One, I think the most important thing that's a lot of people born with idea, that's the wrong color of theirs. Like, you know, people sometimes born thinking that their gender is wrong. So they want to have something which they wanted their whole life. I would say probably about 20% of people would tell me, when I asked them the same question, would tell me I always was dreaming that it's going to be the possibility of doing it. And I spent ample time with them explaining this. Explaining all the same things which I'm explaining to you right now. Debating, not debating, but like, you know, showing what is the possibility. Why I believe in this, and so on and so forth. So that's one category.
Another category is it's basically trend. People wants to change their eyes. Some people asked me to do a different color of one eye, different from the other. By the way, I had one patient who asked me to do this, and it's not because of just trend. She said, my family, everybody has an heterochromia. I want to have the same thing. I had one patient who wants to go from blue to brown, which is exclusion from the rule.
Still majority of people, kind of like you know, it's a some type of external gratification to them. I think. They just need something to feel more comfortable. You don't know how many people told me told me that I changed their life. And it's not because I really changed their life. But because the eye is a mirror of the soul, kind of like they know, people look into the eye. And if you look on my IG, or just website, it doesn't matter if mine or not mine, you will see how much of a difference between, like five minutes before with the brown eyes and all of a sudden has become green or blue. They become kind of like different person. Not different inside. But to some degree, you know, it's like, it's really changing. And that's a lot of them changing. It's a life changing procedure.
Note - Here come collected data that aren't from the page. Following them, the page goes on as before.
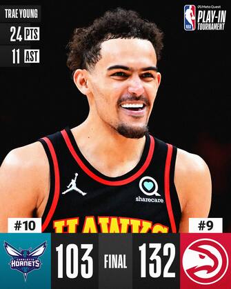 ATLANTA HAWKS-CHARLOTTE HORNETS 132-103 | Successo convincente e senza appello da parte degli Atlanta Hawks che controllano contro gli Charlotte Hornets nel primo tempo e piazzano poi il colpo decisivo nel terzo quarto con il parziale da 42-24 che chiude i conti. Dopo un avvio appannato, Trae Young ritrova mira e canestri e chiude con 24 punti e 11 assist (8/24 dal campo e 1/7 dall’arco) - miglior realizzatore di un quintetto tutto in doppia cifra. Ora l’obiettivo è battere anche Cleveland e conquistare l’accesso al primo turno playoff contro Miami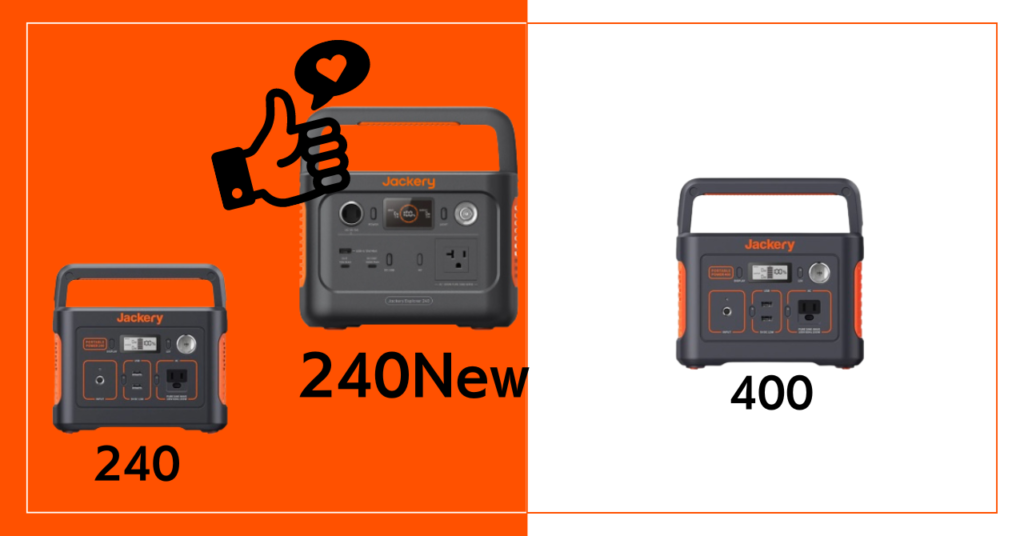 Jackeryポータブル電源240・240Newと400の違いを比較表にまとめました。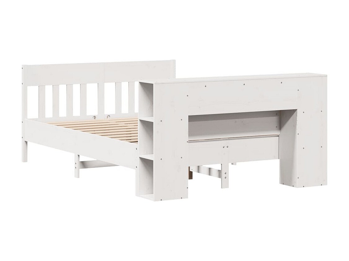 Cama con estantería sin colchón madera maciza blanca 135x190 cm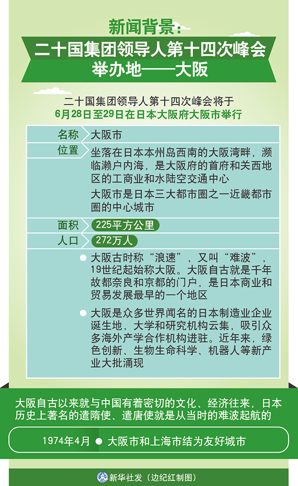 新聞背景:二十國集團(tuán)領(lǐng)導(dǎo)人第十四次峰會舉辦地——大阪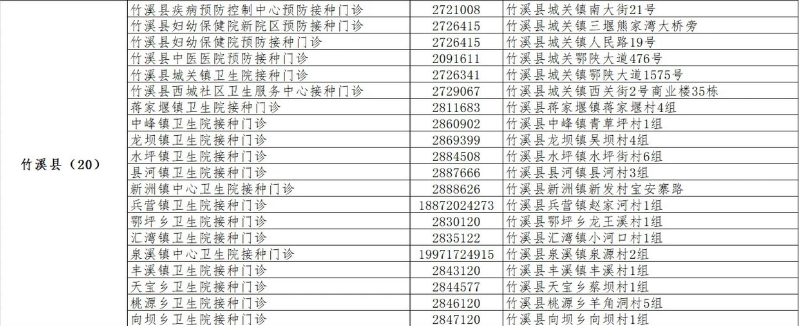 為鞏固疫情防控成果,建立人群免疫屏障,確保人民群眾生命健康安全,根據(jù)上級新冠疫苗接種工作整體部署,十堰市竹溪縣全民免費接種新冠疫苗工作已全面展開;即日起,竹溪縣轄區(qū)內(nèi)18歲以上居民(含60歲以上)身體狀況符合接種要求的均需免費接種新冠病毒疫苗,請您與所在單位或社區(qū)聯(lián)系疫苗接種相關(guān)事宜。竹溪縣市民預(yù)約接種新冠病毒疫苗單位名單、地址、接種時間和預(yù)約電話等相關(guān)信息看這里↓↓↓

And frankly, there were several people who I said, listen, I'm not going to do it for you. Because you're not ready, you're not going to be happy. And I cannot make you happy. And that's not my goal, to make you unhappy. So sorry, go home and think about it. I just, you know, give yourself time. There was 3 people who I took off from the table, because they were so unsure. I told them no you're not sure, just go sit down, think. If not come next time. If not next time just don't come at all.
I created the system, which allows me to remove about 50 to 60% of the pigment. So it's partially reversible. Also, you can substitute some other pigments, so it may change somewhat. If pupils are really unhappy with some blue, they won't make it a little bit greener. I can do it. But listen, everything has a limitation. I mean, if you have the sport car, and they will tell you listen, today we need to go and do some agricultural work very difficult, right? On a tractor, you cannot just compete on the speed, same thing.
It's something for something. You need to agree on certain things. And I need to agree from the medical standpoint, plus artistic. And they need to accept whatever I propose. So there is some risk, of course, but it's a measurable risk. It's a risk assumed by the patient and the doctor and you should act accordingly. And if you go with the rules, not against them, I don't see the big problem with this procedure.